— Exercise —
Given the material below, output exactly the lines from the line with "deyoli gezeichneter Stier" to the line with "6月24日,二手機交易中心的", both ends included, and no other lines.

— Data in this exercise —
--- --- ---

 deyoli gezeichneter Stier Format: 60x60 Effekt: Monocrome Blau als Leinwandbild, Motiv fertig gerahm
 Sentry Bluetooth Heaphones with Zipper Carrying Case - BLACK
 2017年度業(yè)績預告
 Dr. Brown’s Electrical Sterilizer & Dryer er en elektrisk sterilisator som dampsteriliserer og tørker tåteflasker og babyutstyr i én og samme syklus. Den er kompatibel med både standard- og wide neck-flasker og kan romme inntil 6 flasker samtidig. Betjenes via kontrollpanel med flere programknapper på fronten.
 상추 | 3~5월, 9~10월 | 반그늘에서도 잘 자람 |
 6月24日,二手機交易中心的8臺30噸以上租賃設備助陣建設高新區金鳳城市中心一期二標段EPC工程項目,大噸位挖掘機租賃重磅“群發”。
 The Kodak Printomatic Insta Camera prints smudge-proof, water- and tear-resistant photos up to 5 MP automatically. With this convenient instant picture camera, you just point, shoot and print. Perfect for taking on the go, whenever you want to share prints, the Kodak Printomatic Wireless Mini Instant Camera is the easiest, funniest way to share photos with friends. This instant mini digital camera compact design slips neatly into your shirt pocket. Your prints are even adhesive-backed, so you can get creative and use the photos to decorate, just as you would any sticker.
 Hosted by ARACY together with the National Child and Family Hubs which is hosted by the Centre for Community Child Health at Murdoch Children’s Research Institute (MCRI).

--- --- ---

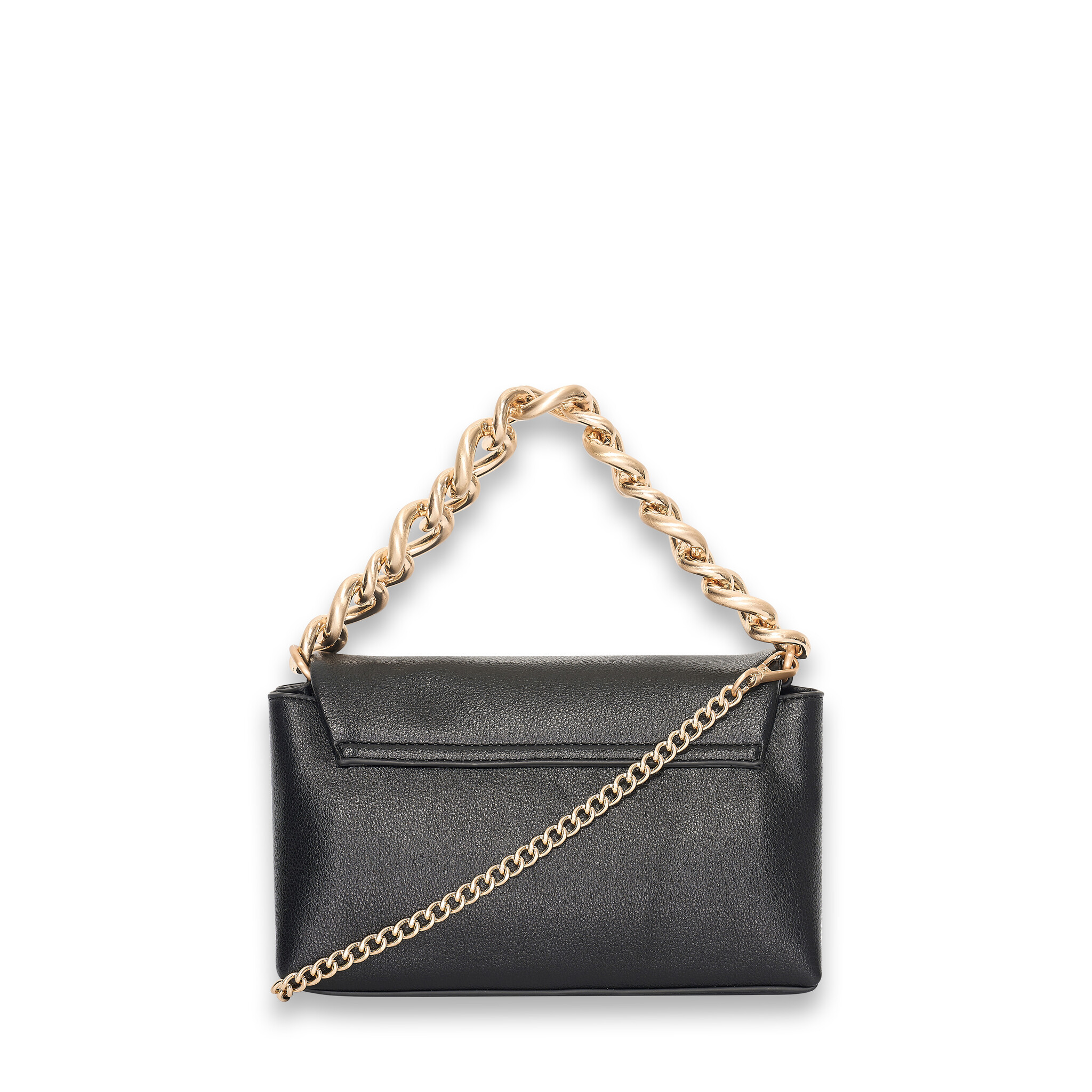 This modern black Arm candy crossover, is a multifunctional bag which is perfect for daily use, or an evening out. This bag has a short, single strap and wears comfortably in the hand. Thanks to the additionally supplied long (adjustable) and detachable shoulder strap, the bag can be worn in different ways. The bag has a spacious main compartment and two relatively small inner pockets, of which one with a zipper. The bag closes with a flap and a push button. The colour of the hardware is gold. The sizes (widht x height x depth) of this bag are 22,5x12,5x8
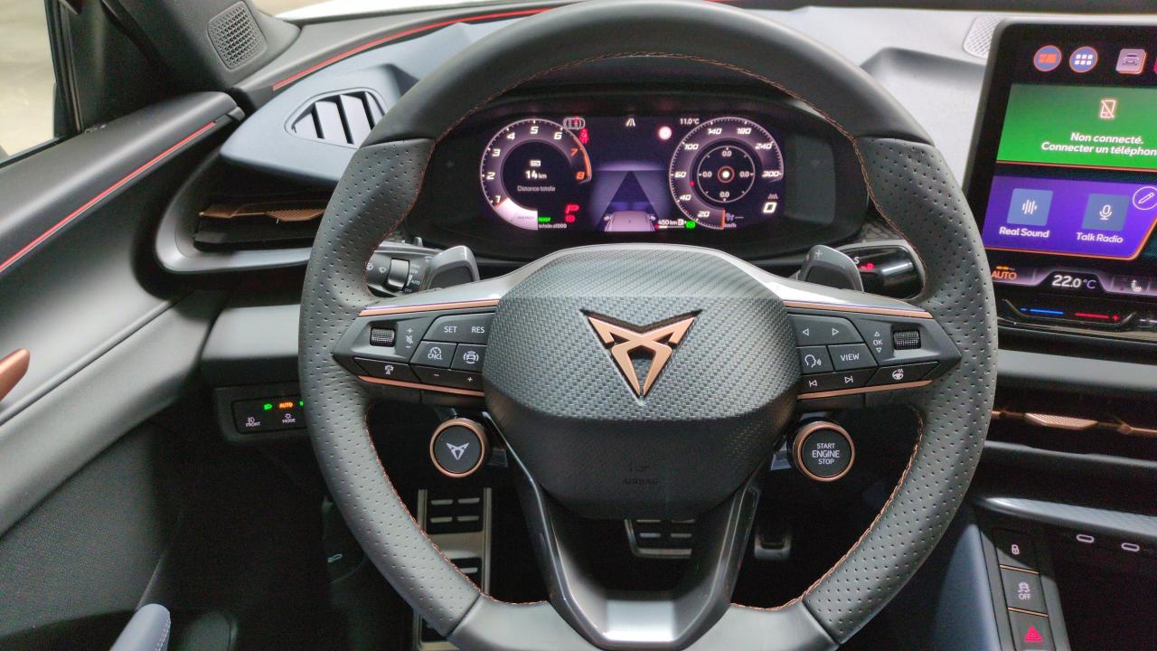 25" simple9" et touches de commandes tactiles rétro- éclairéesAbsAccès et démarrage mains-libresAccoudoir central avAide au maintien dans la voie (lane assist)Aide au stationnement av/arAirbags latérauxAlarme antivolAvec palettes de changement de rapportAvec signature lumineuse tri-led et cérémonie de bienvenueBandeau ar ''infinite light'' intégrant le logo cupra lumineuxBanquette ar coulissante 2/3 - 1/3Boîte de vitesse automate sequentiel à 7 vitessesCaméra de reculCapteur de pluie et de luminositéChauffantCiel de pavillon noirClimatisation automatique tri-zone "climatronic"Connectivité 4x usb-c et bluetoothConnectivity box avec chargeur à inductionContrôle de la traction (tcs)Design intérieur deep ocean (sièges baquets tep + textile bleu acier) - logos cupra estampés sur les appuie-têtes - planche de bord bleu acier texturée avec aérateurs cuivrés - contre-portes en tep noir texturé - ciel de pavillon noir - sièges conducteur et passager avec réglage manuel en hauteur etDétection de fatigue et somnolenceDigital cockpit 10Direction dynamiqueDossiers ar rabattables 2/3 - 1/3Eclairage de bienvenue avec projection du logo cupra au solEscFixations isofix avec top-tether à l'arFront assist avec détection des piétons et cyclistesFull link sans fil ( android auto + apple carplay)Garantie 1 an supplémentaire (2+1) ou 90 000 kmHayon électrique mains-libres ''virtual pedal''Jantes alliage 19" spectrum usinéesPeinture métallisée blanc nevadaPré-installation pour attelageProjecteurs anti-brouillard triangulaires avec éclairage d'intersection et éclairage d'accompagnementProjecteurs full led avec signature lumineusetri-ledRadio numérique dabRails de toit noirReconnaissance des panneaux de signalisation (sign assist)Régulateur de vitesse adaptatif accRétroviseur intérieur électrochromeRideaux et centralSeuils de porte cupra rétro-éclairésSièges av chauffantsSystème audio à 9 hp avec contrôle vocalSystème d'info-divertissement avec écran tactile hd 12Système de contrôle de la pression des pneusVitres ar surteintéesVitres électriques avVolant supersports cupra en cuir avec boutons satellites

--- --- ---

— Your solution —
 deyoli gezeichneter Stier Format: 60x60 Effekt: Monocrome Blau als Leinwandbild, Motiv fertig gerahm
 Sentry Bluetooth Heaphones with Zipper Carrying Case - BLACK
 2017年度業(yè)績預告
 Dr. Brown’s Electrical Sterilizer & Dryer er en elektrisk sterilisator som dampsteriliserer og tørker tåteflasker og babyutstyr i én og samme syklus. Den er kompatibel med både standard- og wide neck-flasker og kan romme inntil 6 flasker samtidig. Betjenes via kontrollpanel med flere programknapper på fronten.
 상추 | 3~5월, 9~10월 | 반그늘에서도 잘 자람 |
 6月24日,二手機交易中心的8臺30噸以上租賃設備助陣建設高新區金鳳城市中心一期二標段EPC工程項目,大噸位挖掘機租賃重磅“群發”。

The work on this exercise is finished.